Return the lines of the material below exactly, beginning with the line that has "Obszar prac" in it and finishing with the line that has "Сейчас главная тема, которая" in it. Leave all pictures aside.

Information shown
· · · · ·

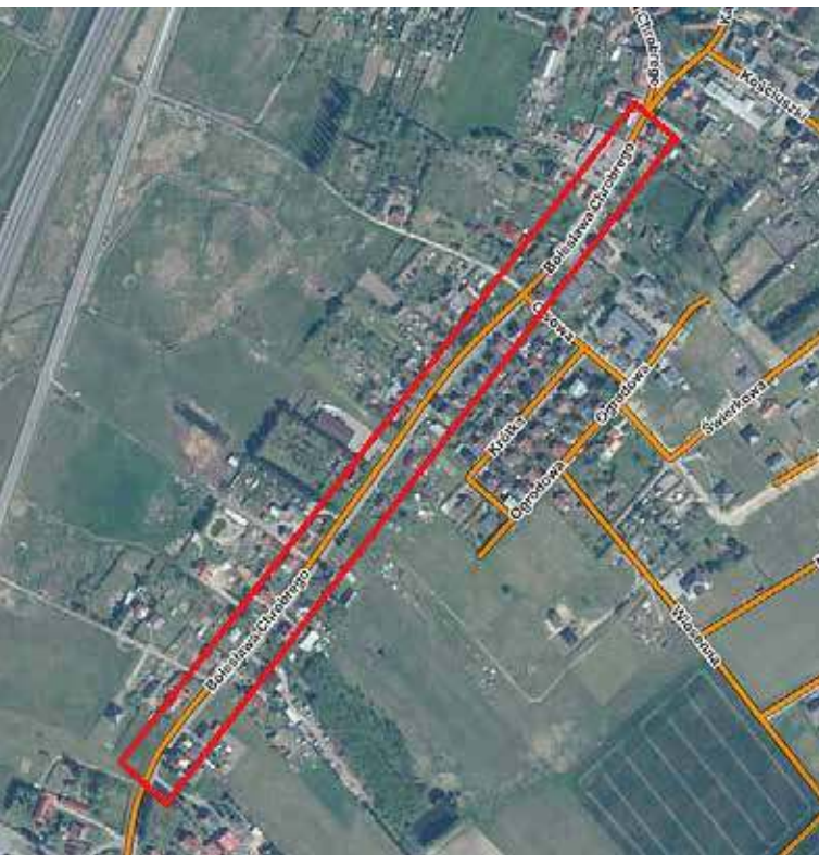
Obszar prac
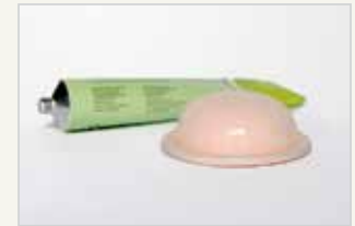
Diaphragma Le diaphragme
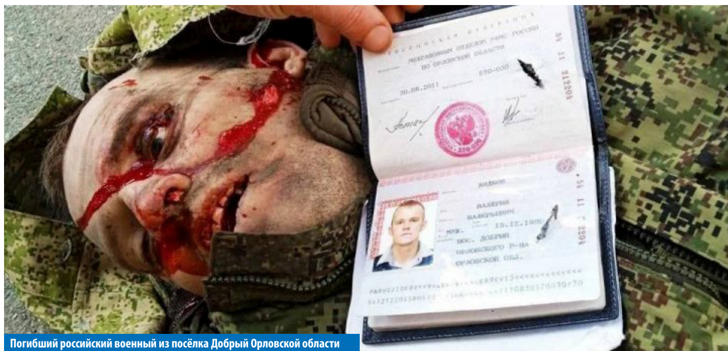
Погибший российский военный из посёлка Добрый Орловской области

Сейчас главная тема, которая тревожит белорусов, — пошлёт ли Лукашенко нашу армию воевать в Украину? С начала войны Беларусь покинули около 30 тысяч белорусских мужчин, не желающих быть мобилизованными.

· · · · ·

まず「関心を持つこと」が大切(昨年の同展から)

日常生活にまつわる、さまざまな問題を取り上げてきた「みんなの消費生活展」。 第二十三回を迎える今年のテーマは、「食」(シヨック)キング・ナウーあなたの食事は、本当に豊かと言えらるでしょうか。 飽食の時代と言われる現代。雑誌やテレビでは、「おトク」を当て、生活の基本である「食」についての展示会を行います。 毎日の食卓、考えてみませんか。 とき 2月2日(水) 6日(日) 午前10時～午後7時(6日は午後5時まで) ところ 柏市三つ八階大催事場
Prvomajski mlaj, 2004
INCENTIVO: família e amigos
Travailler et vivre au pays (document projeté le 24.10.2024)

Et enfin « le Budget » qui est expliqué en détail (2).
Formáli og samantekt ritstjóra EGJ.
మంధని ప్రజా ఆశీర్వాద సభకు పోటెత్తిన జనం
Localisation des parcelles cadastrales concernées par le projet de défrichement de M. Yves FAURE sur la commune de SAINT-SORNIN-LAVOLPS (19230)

· · · · ·

Solution
Obszar prac
Diaphragma Le diaphragme
Погибший российский военный из посёлка Добрый Орловской области

Сейчас главная тема, которая тревожит белорусов, — пошлёт ли Лукашенко нашу армию воевать в Украину? С начала войны Беларусь покинули около 30 тысяч белорусских мужчин, не желающих быть мобилизованными.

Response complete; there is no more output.